Required action: Set out word for word the line that contains "图书馆巴别塔,是另一种呈现。" and each line after it, through the end of the data below, but exclude the pictures.

Dataset content:
━━━

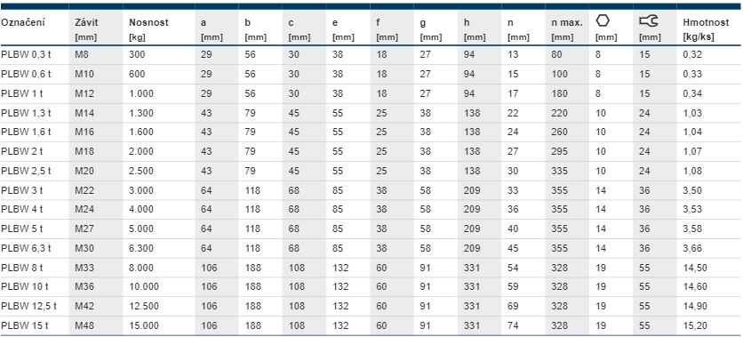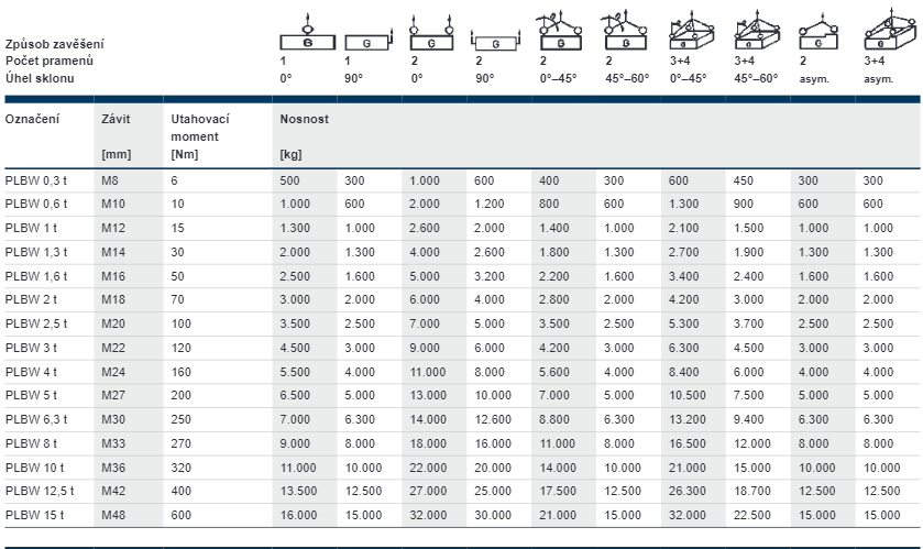 Pewag winner profilift beta. Pětinásobná bezpečnost. Toto je další vázací bod, který je otočný o 360°. Oko je sklopné do úhlu 180° a drží v jakékoliv požadované pozici díky vyměnitelné patentované pružině. Každý upínací bod je označen individuálním sériovým číslem a povolenou nosností pro většinu nepřímých zavěšení, s možností zvýšené nosnosti v přímém tahu. Šestiúhelníkový speciální šroub vyrobený z materiálu v pevnostní třídě 10.9 je také vyměnitelný a chráněný proti ztrátě. Šroub je 100 % defektoskopicky testován a opatřen povrchovou úpravou proti korozi a je označen nosností a velikostí závitu. Může být montován šestihranným nebo francouzským klíčem.
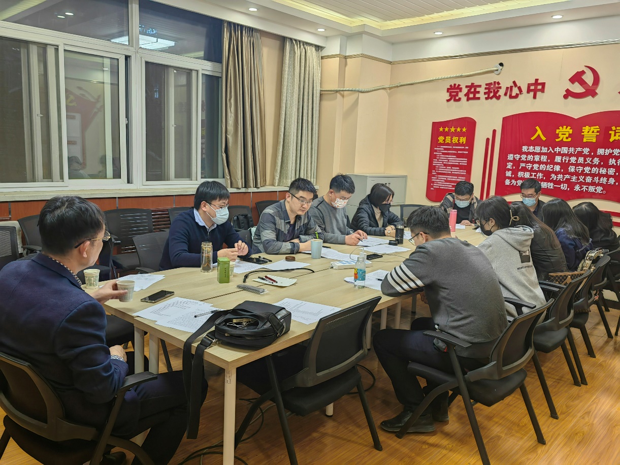 支部书记颜录科同志首先通报会议的主题与准备情况,并代表支部委员会进行2022年工作述职。颜录科同志总结了2022年支部在理论学习、专业认证、学科建设,疫情防控以及学院北迁等方面的工作和成果。随后,依据习近平总书记的号召和要求,对照党员义务,全面查找在政治信仰、党员意识、理论学习、能力本领、作用发挥、纪律作风等方面的不足和问题,并接收党员同志们的评议。
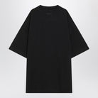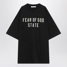Fear Of God Essentials black cotton jersey T-shirt, featuring short sleeves, ribbed crew neck, dropped shoulders, rubber logo patch on the back, contrasting front logo lettering print and oversized fit.
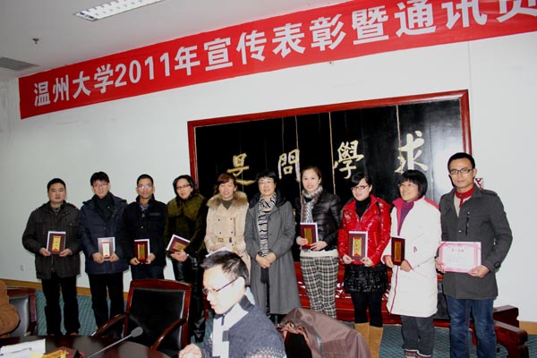 1月5日下午,泥巴影院 2011年宣传表彰暨通讯员微博培训会在南校区岩松堂白鹿厅举行,校党委林娟娟副书记、校党委宣传部潘玉驹部长,以及全校各学院主管宣传工作的领导与老师参加会议。大会表彰了2011年度新闻宣传工作先进集体和先进个人。泥巴影院 与城市学院、瓯江学院、法政学院、数学学院同获先进集体,学生科章志图老师获得先进个人在会上接受表彰。
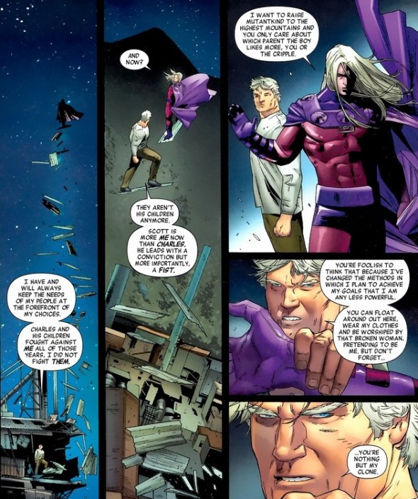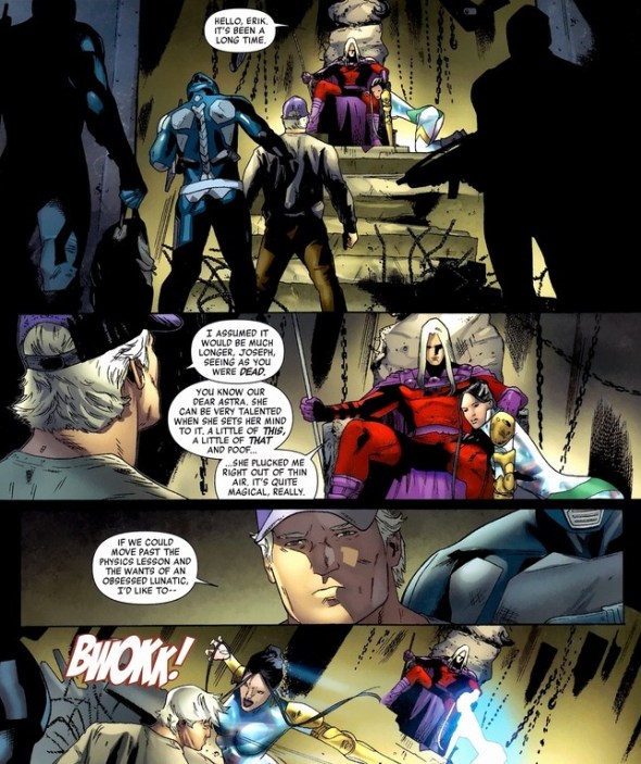 Good advice for later: clones don’t like to be reminded they’re inferior. Probably the same way with twins. Unfortunately, Joseph is every bit as strong as Magneto. And just as important, you only get to sucker punch Magneto once.
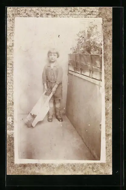 AK Kleiner Junge mit Schubkarre
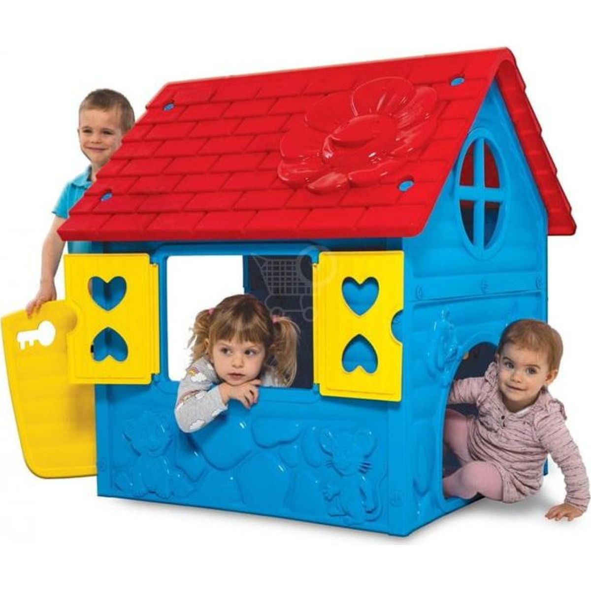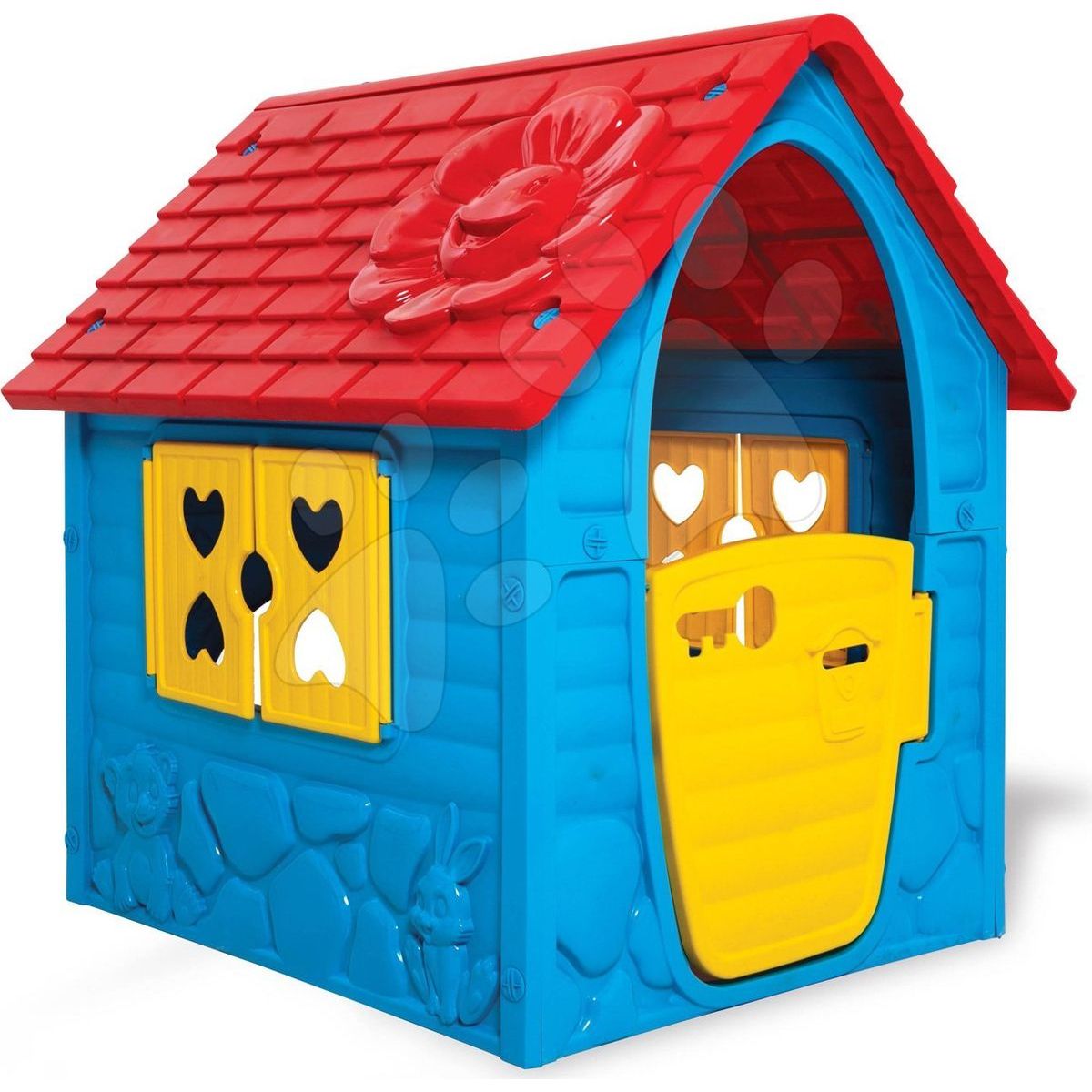 Stylový domek je vyhotoven v barevné kombinaci červené, žluté a modré. Skládá se z plastových stěn, střechy, uzavíratelných dveří a oken s okenicemi.
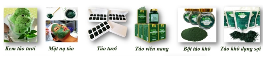3. Tảo xoắn Spirulina: Tảo tươi, bột tảo khô, tảo viên nang VNUA Gold, tảo khô dạng sợi,… Có công dụng chính tăng cường sức đề kháng, cung cấp đầy đủ chất dinh dưỡng cho cơ thể, chống oxy hóa, chống ung thư, cải thiện sức mạnh cơ bắp,…
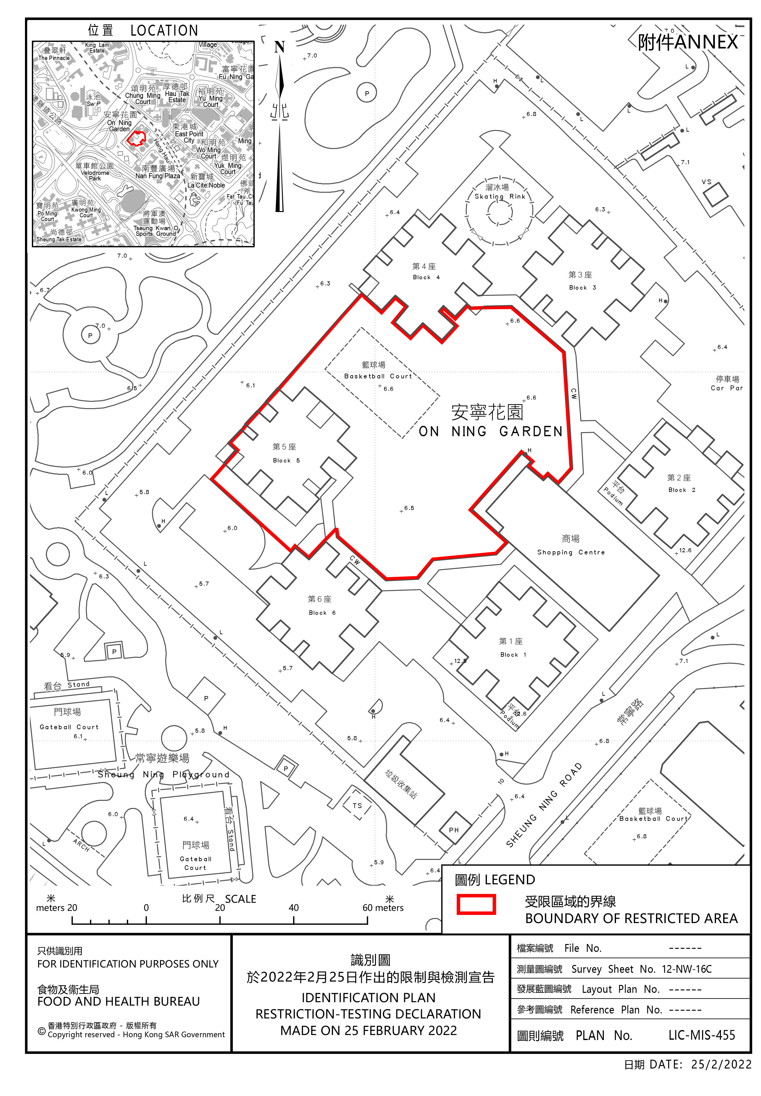 政府今日(2月25日)引用《預防及控制疾病(對若干人士強制檢測)規例》(第599J章),作出限制與檢測宣告,自晚上7時起限制在將軍澳指明「受限區域」,即將軍澳常寧路10號安寧花園第5座內的人士,須留在其處所並接受強制檢測。受檢人士須在其處所等候,直至「受限區域」內所有已識別的受檢人士完成檢測,而相關檢測結果亦已獲大致確定,方可離開其處所。政府目標是在明日(2月26日)下午約5時完成此行動,視乎檢測結果,行動或會延長。
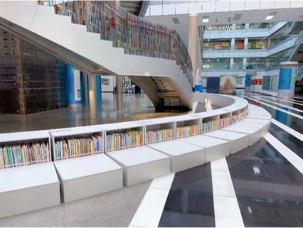 图书馆巴别塔,是另一种呈现。图书馆巴别塔底部环绕着一圈书架作塔基,读者可以在此阅读书籍,借阅。
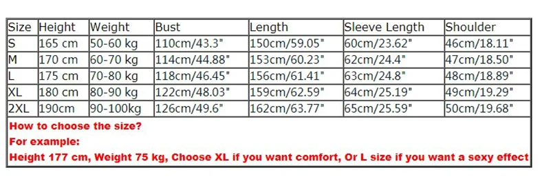2XL | 190 см | 90-100 кг | 126 см/49,6" | 162 см/63,77" | 65 см/25,59" | 50 см/19,68" |

━━━

Your response:
 图书馆巴别塔,是另一种呈现。图书馆巴别塔底部环绕着一圈书架作塔基,读者可以在此阅读书籍,借阅。
2XL | 190 см | 90-100 кг | 126 см/49,6" | 162 см/63,77" | 65 см/25,59" | 50 см/19,68" |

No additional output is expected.